A straightforward problem (find all integers such that $m!+3=n^2$) led me into thinking about the integers for which: $$x!=y^2$$ is true.
I argued that other than the trivial case ($x!=1$) that this can't be true. While not rigorous it went something like this:
In order for a number to be a perfect square the powers of its prime factors must be even. Now consider the largest prime in $x!$ which I shall call $k$.
$k$ can only appear once in the prime factorisation of $x!$ (assuming that $2k<x$, an assumption I can't seem to prove). Therefore $x!$ cannot be a perfect square.

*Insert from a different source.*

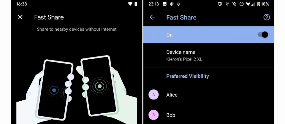 取而代之的功能名為Fast Share,它出現在Android Q的「設定」、「Google」類別下,功能和介面都和獨立app Files Go By Google相似,可讓用戶傳送檔案、URL或文字給鄰近用戶。

This argument seems to apply for any integer power $n$ as in that scenario $k$ would have to appear $n$ times in the prime factorisation of $x!$, but I've shown that $k$ only appears once. Therefore for integer $x,y\neq 0,1\; ,$ $x!\neq y^n$.
So my questions are:
1) Is my proof correct?
2) How do I prove my assumption if so?
3) Are there any other (better) proofs for the $x!\neq y^2$ or $x!\neq y^n$?
Yes, the proof is correct. In other words, consider the largest prime $p$ not exceeding $x$. And if $2p<x$ then by Bertrand's postulate there exist a prime $p_1>p$, a contradiction. so $x!$ cannot be a prefect square or perfect power also.